# Gloves for cold weather bassin?



## FLIPNPITCH (Apr 15, 2009)

Anybody have any suggestions for gloves for bassin in cold weather? I've tried the neoprene ones and my hands freakin' froze!! The best I've found so far are a pair of Winchester saddlecloth ones. But they are a little on the bulky side. What do you guys use?


----------



## ohiohunter43015 (Feb 23, 2009)

I wear a thin pair of the cheap gas station gloves under my neoprenes and don't have any problems at all


----------



## sisezz73 (Mar 9, 2007)

I like the x armour gloves. They are thin enough you dont lose to much feel. I am not going to say my hands do not get cold but I will have to say these are the best I have tried to use while fishing. Just need to change when running around to help keep hands warm. I use to use jersey gloves but would have to go threw about 5 pair a day cause they get wet. Ice armour has a thin pair of gloves I will be checking out. I know the hat keeps my bald head warm all day and night. I would like to find a pair like the x armour that are waterproof also.


----------



## Marshall (Apr 11, 2004)

I picked up a pair of gloves at dicks this winter and they work well while fishing. I have 2 types a thinner pair that i got in the hunting section for 40 ish degree weather and a thicker pair i use when its real cold. I can't remember the brands. The good part is they both are water resistant and stay pretty dry unless you put your hands in the water. I can use my baitcaster with both gloves. Here is a tip that will help you out. Buy some of the 8 hour hand warmers and place them on the underside of your wrist. All the blood that runs to your fingers passes by the veins that are close to the surface on your wrists gets warmed up as it goes to your fingers. I put my gloves on then just slip the hand warmers in the elastic cuff and they stay in place. It really works.


----------



## FLIPNPITCH (Apr 15, 2009)

Thanks for the replies fellas. I'll be lookin. Good fishin!!!


----------



## FISHIN216 (Mar 18, 2009)

football receiving gloves are the best and I am out all winter...I tie knots with them on


----------



## elkhtr (Oct 23, 2006)

http://www.cabelas.com/cabelas/en/t...arentType=index&parentId=cat601373&id=0065277

I personally like the glomitts, but the fingerless work for some as well.

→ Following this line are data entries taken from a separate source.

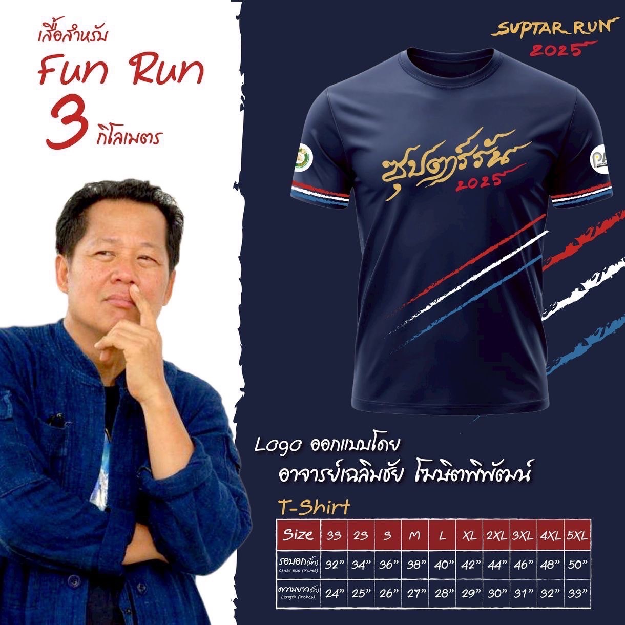 พร้อมกับชมคอนเสิร์ต และทานอาหารอร่อยด้วยกัน ใครมาก่อน ได้สนุกกันก่อน ยิ่งกว่าดาวล้านดวงอีก แค่ได้เสื้อที่ออกแบบโดยอาจารย์เฉลิมชัย โฆษิตพิพัฒน์ เป็นที่ระลึก ก็คุ้มแล้วครับ นอกจากเสื้อก็ยังมีเหรียญรางวัล และได้ทานอาหารดูคอนเสิร์ต ถ่ายรูปกับศิลปินดารามากมาย เรียกว่าฟินกันแน่นอนครับ” สำหรับผู้ที่สนใจสามารถสมัครได้ทาง https://race.thai.run/suptarrun2025 , https://race.thai.run/suptarrun2025vr , https://www.thaijogging.org/race/suptarrun2025
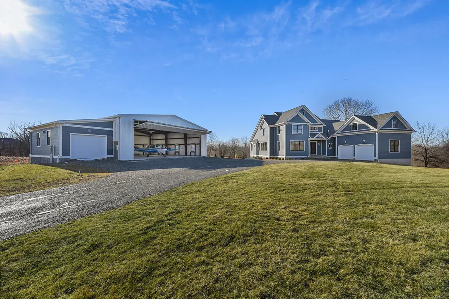 FLY-IN property situated in a gated cul-de-sac neighborhood adjacent to Sky Manor Airport. Unique zoning allows airplane hangar on property and airplane access, (or right-of-way), leading to Sky Manor runway. The construction is recently finished and includes a single-family house plus an airplane hangar, (50'x50' exterior measurement). 1st floor primary bedroom, work from home office, vaulted ceiling with architectural details, open concept floorplan, 2 laundry rooms (1st and 2nd floors), and interior & exterior fireplaces. The kitchen offers all you can imagine with open shelving, center island with granite counters, soft-close drawers and cabinets & full-sized walk-in pantry. The primary bedroom with two walk-in closets, French door to composite deck with fireplace, and a luxurious bathroom which includes an enormous, curbless shower with multiple showerheads, linear floor drain, free-standing tub and mounted towel warmer. The mechanics and design are top shelf... Andersen architectural 400 series windows, 5 Andersen doors to deck and rear, super high efficiency tankless water heater for 6-zone baseboard heat, Goodman CAC compressors mounted on platforms, 400 AMP electric, Hardi Plank and Azek style siding, 2 car attached garage plus one car attached to the hangar! Insulated airplane hangar with 18' ceiling, steel "I" beam construction, bi-fold door with auto opener, concrete floor, Andersen windows, full (50'x50') basement underneath and metal siding with stone veneer.
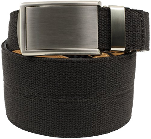 - Feature : Strap has a cotton/polyester blend upper with genuine leather backing. / Uses our no-holes belt mechanism to provide over 30 size positions at 1/4" intervals. / Excellent for a casual, relaxed look. / 1-1/4" (3.2cm) wide canvas strap. / Buckle measures 1-5/8" (4cm) wide x 3-1/2" (9cm) long.
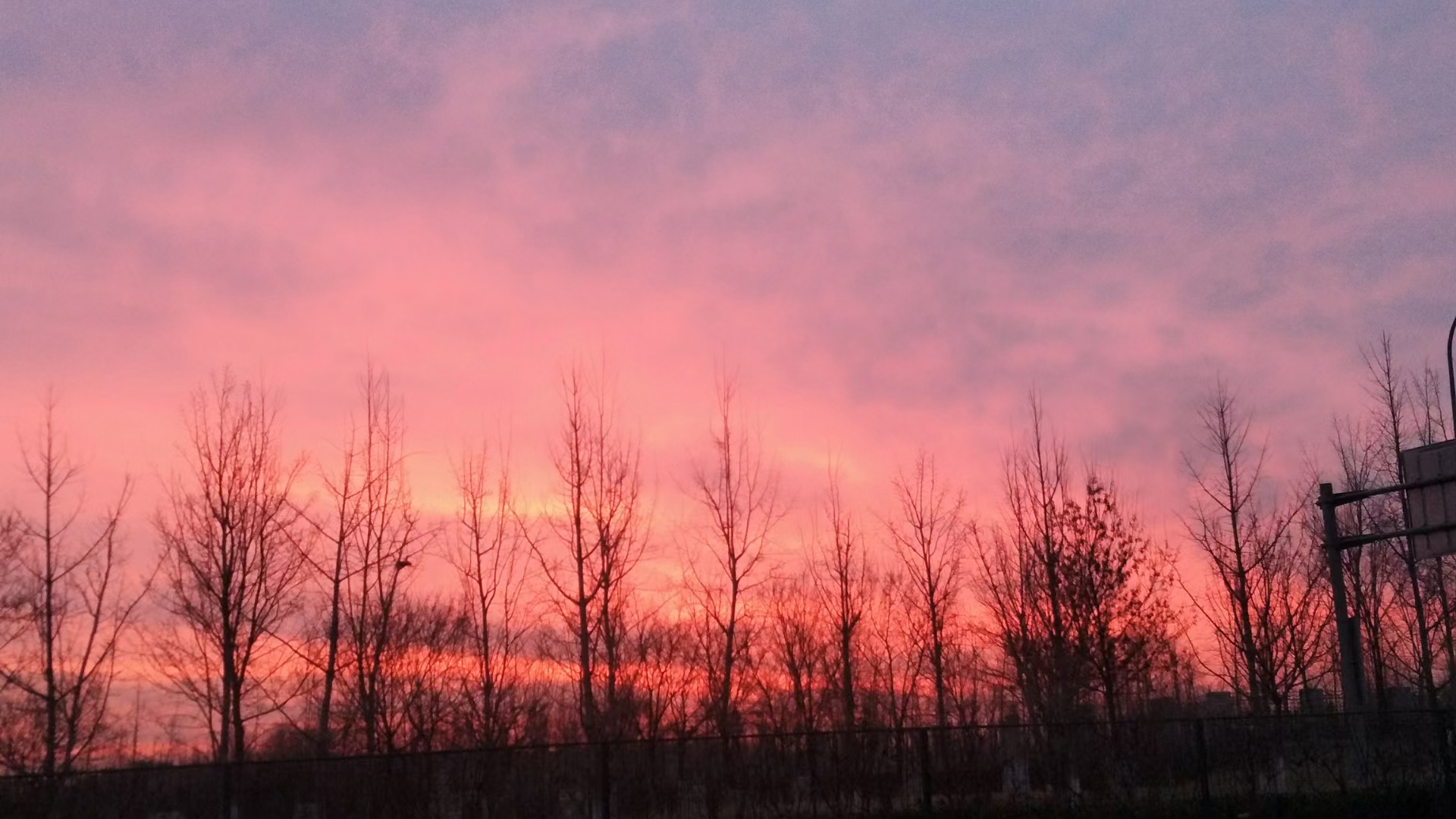 王佐青龙湖区域朝霞与晚霞辉映成趣
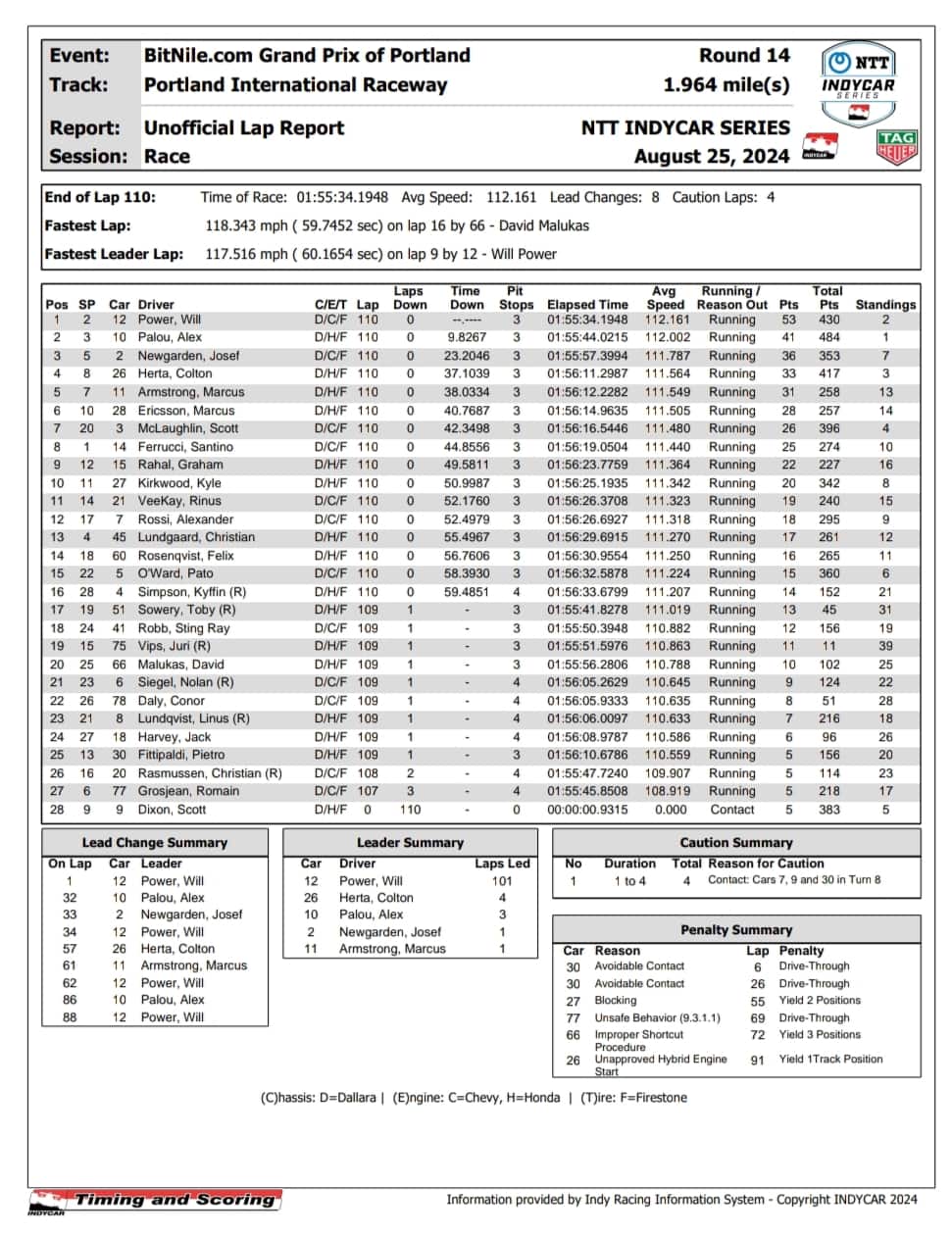 In Oregon è arrivata la terza vittoria stagionale di Will Power, dominatore incontrastato di un GP di Portland che consente all’australiano di restare in piena lotta per il titolo IndyCar 2024. Battendo in pista il capoclassifica Alex Palou, staccato di 10 secondi sul traguardo, Power ha recuperato 12 punti e la settimana prossima si presenterà a Milwaukee con 54 lunghezze di svantaggio a tre gare dalla fine. Se Power ha festeggiato la seconda vittoria in quel di Portland, dall’altra parte Palou non ha potuto far altro che commentare positivamente il 2° posto, un risultato che ha consolidato la leadership dello spagnolo nella fase decisiva del campionato. I tentativi del pilota Ganassi non sono mancati, ma Power ed il Team Penske hanno rasentato la perfezione nella sequenza dei pit-stop, avendo per di più la possibilità di montare le gomme morbide – le migliori anche in gara – per tre stint su quattro, mentre Palou ha dovuto scendere a compromessi non avendo a disposizione delle morbide in buono stato.
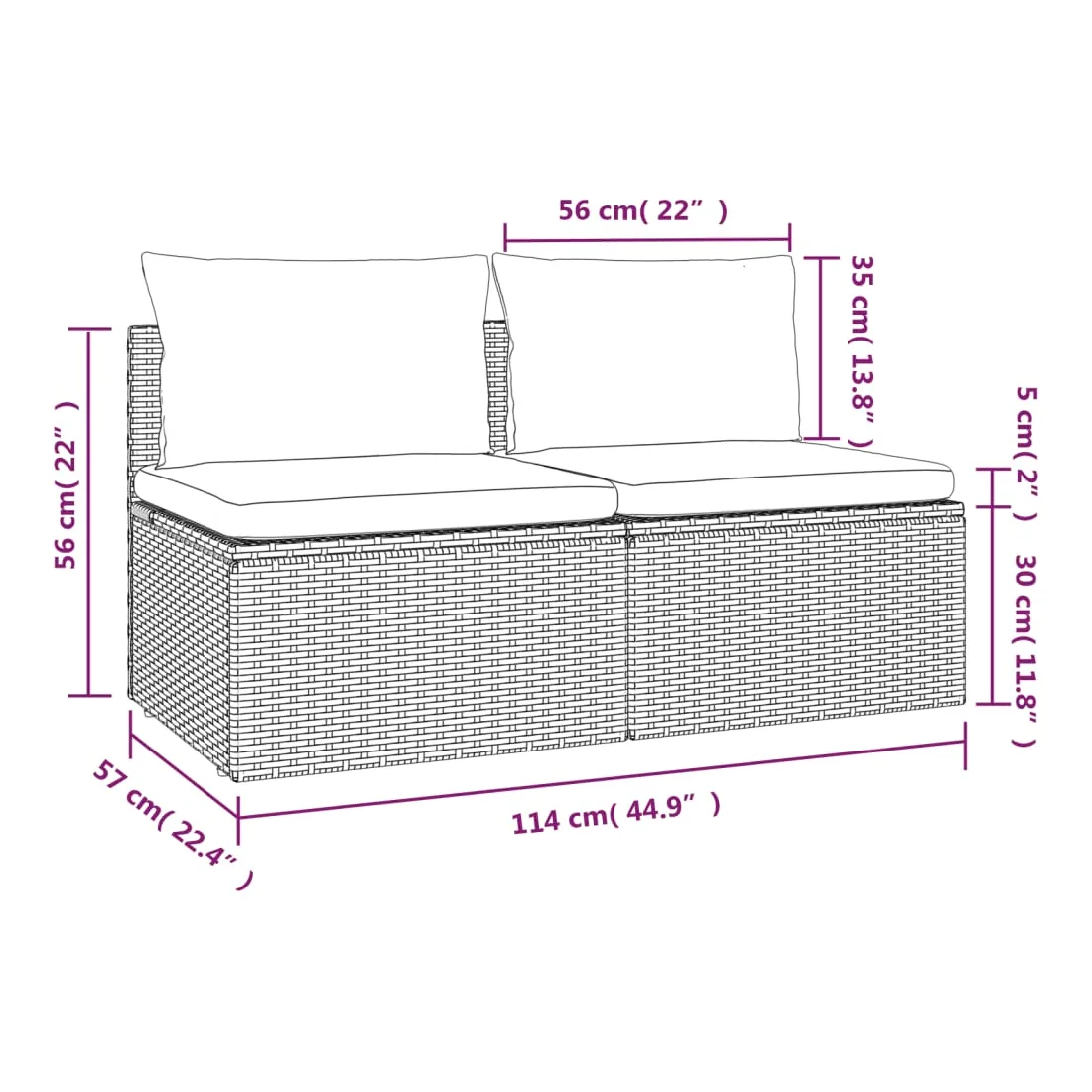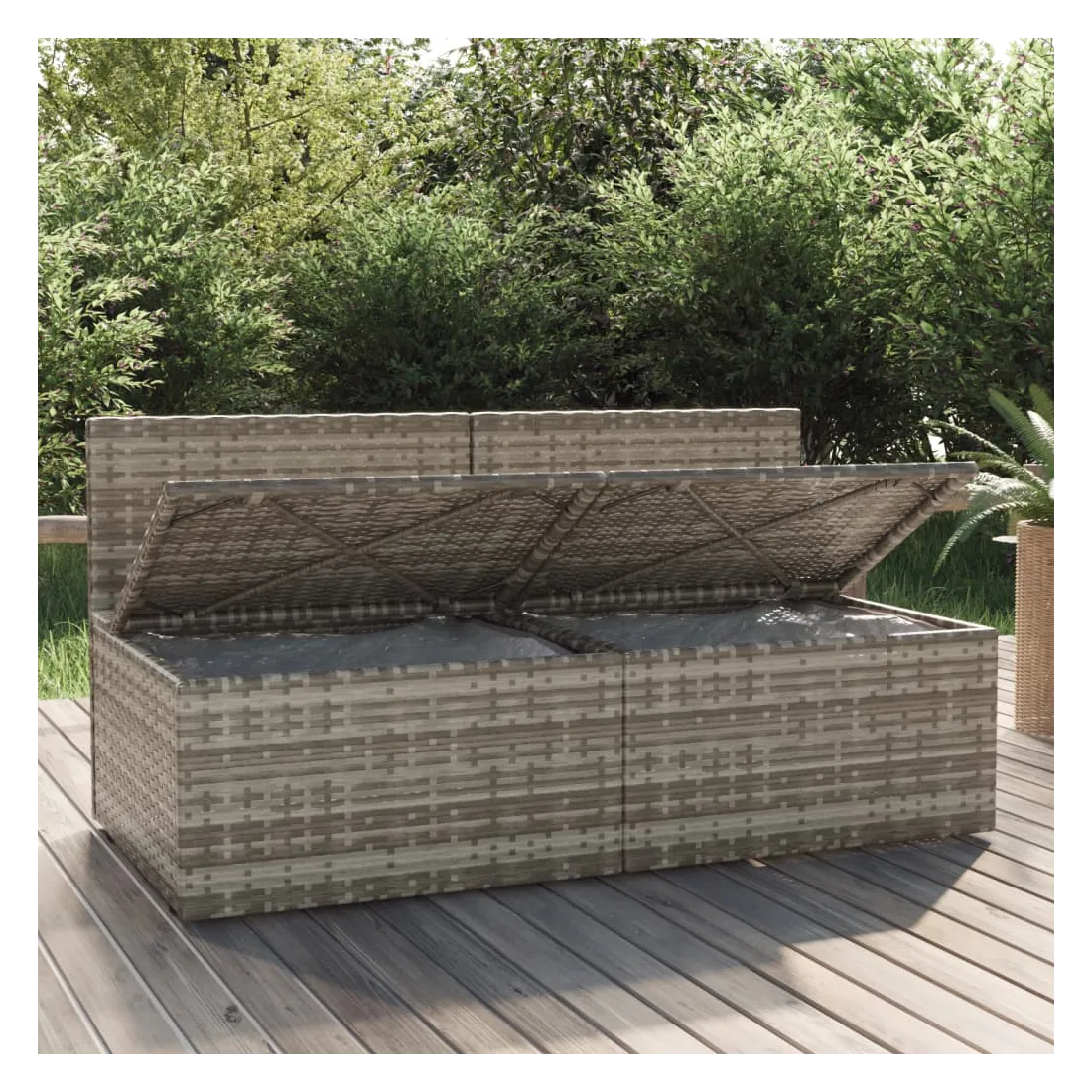 vidaXLCe canapé de jardin 2 places tendance, au design élégant et contemporain, est un excellent choix pour manger ou vous détendre dans votre jardin. Matériau durable : la résine tressée est un matériau de résistance exceptionnelle et durable dans différentes conditions météorologiques. Elle nécessite peu d'entretien. Le cadre en acier assure la solidité et la stabilité.Expérience de siège confortable : des coussins et des oreillers supplémentaires sont inclus pour votre confort.Grand espace de rangement : l'espace de rangement facilite l'organisation des articles. Il convient au rangement de vos coussins, oreillers, couvertures, jouets et autres objets.Sac imperméable : le sac imperméable doté d'une couverture, d'une fermeture à glissière et d'attaches auto-agrippantes peut garder vos affaires en sécurité et protéger vos articles de l'humidité. Remarque :Afin de prolonger la durée de vie de votre mobilier d'extérieur, nous vous recommandons de le protéger avec une housse imperméable.Chaque produit est livré avec un manuel de montage dans la boîte pour un montage facile.

The nice thing about the glomitts is you can close them up for a short time to warm you fingers. I use them in some pretty cold conditions steelheading.


----------



## co-angler (Jan 3, 2010)

FootJoy winter golfing gloves do the trick for me.


----------



## Flippin 416 (Aug 18, 2005)

You know...something to think about. I used to race motocross. I officially hung up my boots at the end of 2007, and on the coldest days where we would have snow flurries in the mix and temps as low and 30 degrees.....we would use latex gloves UNDER our riding gloves. I would have hot, sweaty hands by the end of a moto or a practice session. I am assuming that the latex blocks out any of the affect that the wind would have...not allowing it the get to the surface of you skin. I am going to give this a try this spring. I have two pairs of Under Armor gloves that are very thin that are very favorable to retain manual dexterity. This combo may produce warm hands all day? Just something to try when everything else seems to fail. We'll see how it works.


----------



## Flippin 416 (Aug 18, 2005)

I also saw one of the guys practicing for the classic the past weekend had wrist bands on with some kind of heat source (hand warmers) tucked inside of them...so he could fish without gloves. The principal makes sense....I wonder how it works?? Might have to give it a try this spring...I have plenty of hand warmers left over from deer season!!! lol


----------



## ShutUpNFish (Apr 17, 2007)

Try these....the nip helps too!









In all seriousness though....wool gloves, I found to be the best....they insulate even when wet. Good luck.


----------



## lang99 (Mar 6, 2009)

i have also had good luck with thin to medium size fleece gloves.


----------



## FLIPNPITCH (Apr 15, 2009)

Good one shutupnfish!!

Lot of good ideas. The way this freakin weather is going, we're definitely gonna have to have something to keep hands from being numb! Probably clear into mid April. Seriously, this is one bad winter!


----------



## skycruiser (Aug 7, 2009)

i work for Grainger, so i have access to hundreds of types of gloves. i use North Safety's OilGrip glove with the fingers cut off for tying knots. then i wear North's cold weather glove overtop of it when i'm casting, reeling, andhopefully removing fish. they're really dexterious...it's the perfect combo for me. here's a link to both

http://www.grainger.com/Grainger/wwg/search.shtml?searchQuery=4KMZ1&op=search&Ntt=4KMZ1&N=0&sst=All

http://www.grainger.com/Grainger/items/4KMZ4?Pid=search


----------